Collected data entries
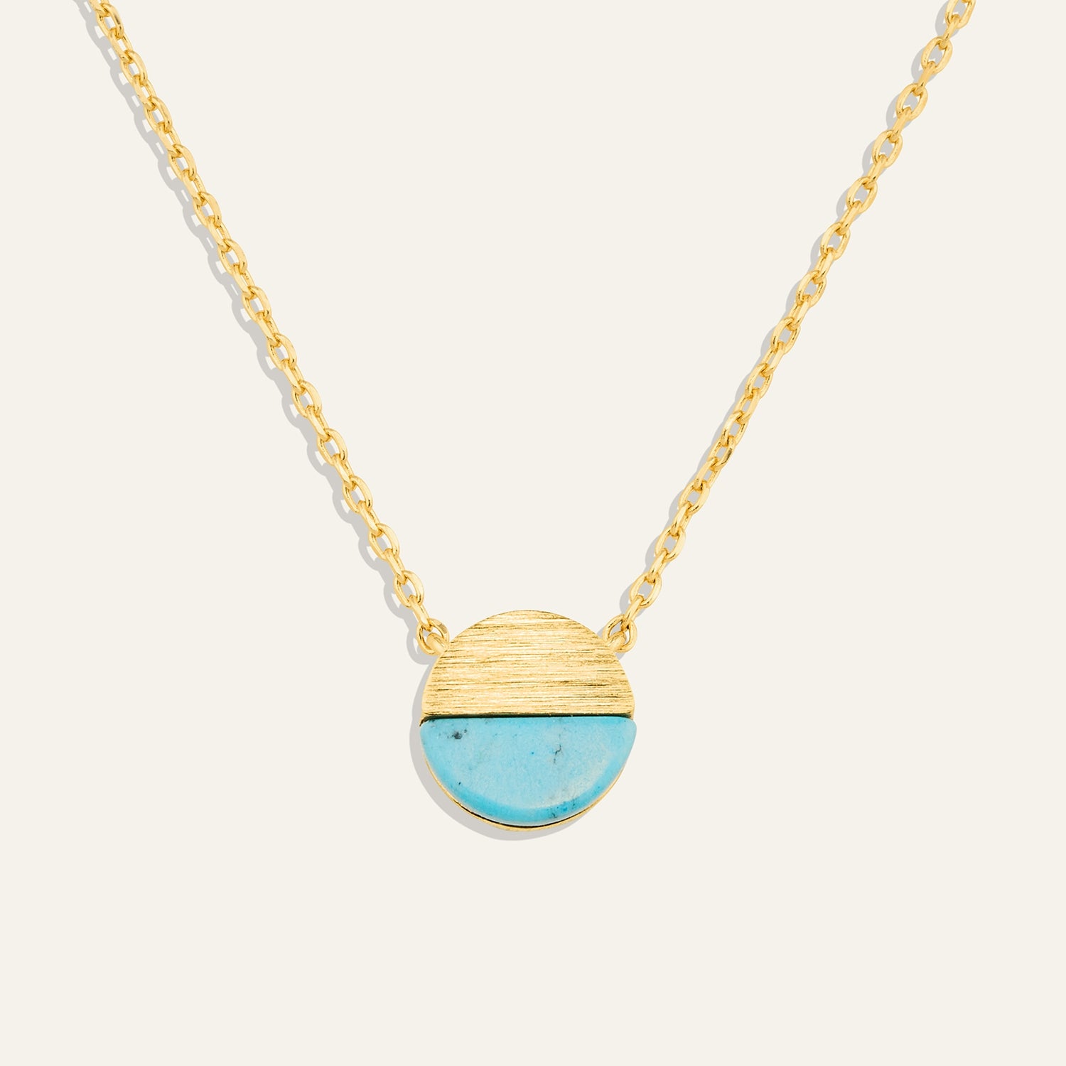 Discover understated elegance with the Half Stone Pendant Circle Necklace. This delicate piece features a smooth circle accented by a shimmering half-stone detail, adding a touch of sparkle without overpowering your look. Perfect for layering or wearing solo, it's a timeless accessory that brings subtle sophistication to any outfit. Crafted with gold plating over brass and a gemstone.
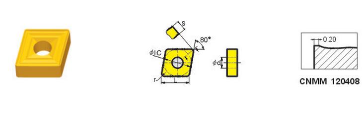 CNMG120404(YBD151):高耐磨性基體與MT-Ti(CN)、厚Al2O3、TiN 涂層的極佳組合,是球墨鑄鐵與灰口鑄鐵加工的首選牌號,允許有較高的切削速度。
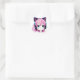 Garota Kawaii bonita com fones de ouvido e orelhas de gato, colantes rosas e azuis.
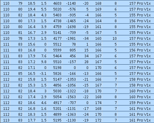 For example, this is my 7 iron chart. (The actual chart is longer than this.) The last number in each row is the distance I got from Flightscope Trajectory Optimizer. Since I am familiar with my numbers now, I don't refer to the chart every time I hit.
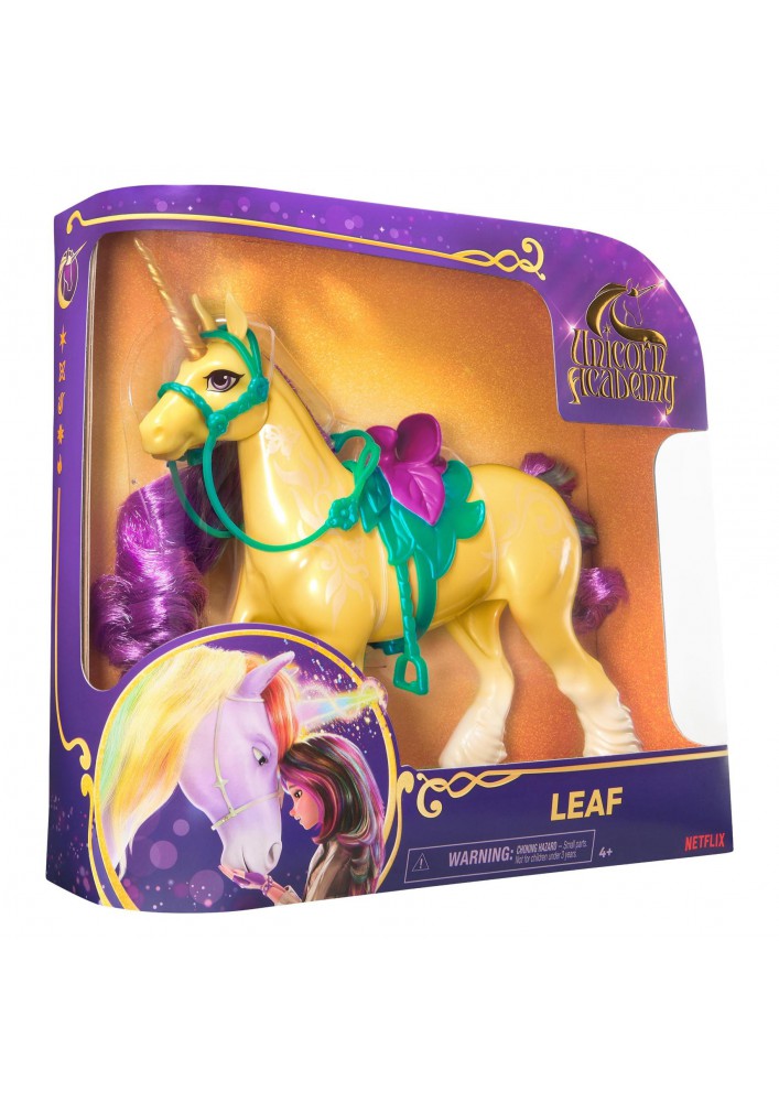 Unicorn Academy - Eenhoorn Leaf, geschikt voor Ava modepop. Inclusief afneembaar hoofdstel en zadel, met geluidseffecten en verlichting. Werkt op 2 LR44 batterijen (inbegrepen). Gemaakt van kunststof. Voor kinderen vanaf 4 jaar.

Work order:
Restate each entry word for word, leaving out any pictures.

The completed task:
 Discover understated elegance with the Half Stone Pendant Circle Necklace. This delicate piece features a smooth circle accented by a shimmering half-stone detail, adding a touch of sparkle without overpowering your look. Perfect for layering or wearing solo, it's a timeless accessory that brings subtle sophistication to any outfit. Crafted with gold plating over brass and a gemstone.
 CNMG120404(YBD151):高耐磨性基體與MT-Ti(CN)、厚Al2O3、TiN 涂層的極佳組合,是球墨鑄鐵與灰口鑄鐵加工的首選牌號,允許有較高的切削速度。
 Garota Kawaii bonita com fones de ouvido e orelhas de gato, colantes rosas e azuis.
 For example, this is my 7 iron chart. (The actual chart is longer than this.) The last number in each row is the distance I got from Flightscope Trajectory Optimizer. Since I am familiar with my numbers now, I don't refer to the chart every time I hit.
 Unicorn Academy - Eenhoorn Leaf, geschikt voor Ava modepop. Inclusief afneembaar hoofdstel en zadel, met geluidseffecten en verlichting. Werkt op 2 LR44 batterijen (inbegrepen). Gemaakt van kunststof. Voor kinderen vanaf 4 jaar.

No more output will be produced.